Home Kennis Raad van State: de woonboot weer in de belangstelling

Raad van State: de woonboot weer in de belangstelling

20 maart 2015

In een eerder blogbericht schreef Moniek Heerings over de uitspraak van 16 april 2014, waarin de Afdeling uiteenzet onder welke voorwaarden een woonboot kan worden aangemerkt als bouwwerk. In een interessante uitspraak van 25 februari 2015 borduurt de Afdeling op dit thema voort.

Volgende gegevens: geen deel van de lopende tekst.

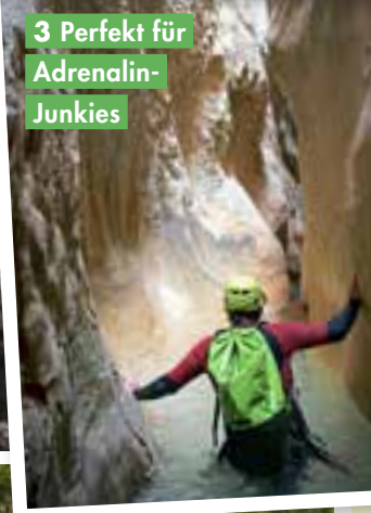
3 Perfekt für Adrenalin-Junkies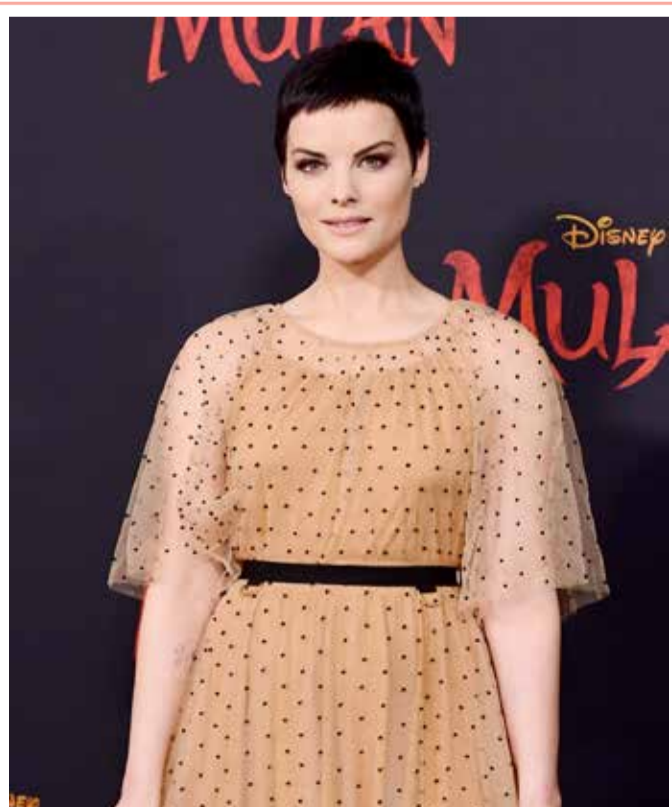
الممثلة الأميركية جيمي ألكسندر تحضر العرض العالمي الأول لفيلم ديزني مولان في مسرح دولبي في هوليوود

ولفتت إلى أن الأبحاث استمرت نحو 6 أعوام، وكانت تجمع بيانات وصور دقيقة عن النظام الشمسي، إذ توقع الباحثين إمكانية اكتشاف أكثر من 500 كوكب آخر بالمستقبل. وتشير الصحيفة إلى أن الاكتشافات الجديدة تشير إلى إمكانية الوصول إلى المدارات، التي تقع خارج كوكب نبتون.

In het blogbericht van 11 juli 2014 schreef Moniek Heerings over de uitspraak van 16 april 2014, waarin de Afdeling de eerder ingezette koers doorzet dat een woonboot kan worden aangemerkt als bouwwerk in de zin van art. 2.1, eerste lid aanhef en onder a, van de Wet algemene bepalingen omgevingsrecht (Wabo). De Afdeling zoekt voor invulling van het begrip “bouwwerk” aansluiting bij de definitie opgenomen in de modelbouwverordening. Uit deze definitie volgen vier criteria voor een bouwwerk. Het moet gaan om:

  • Een constructie van enige omvang;
  • van hout, steen, metaal of ander materiaal;
  • die op de plaats van bestemming hetzij direct of indirect met de grond verbonden is, hetzij direct of indirect steun vindt in of op de grond;
  • en is bedoeld om ter plaatse te functioneren.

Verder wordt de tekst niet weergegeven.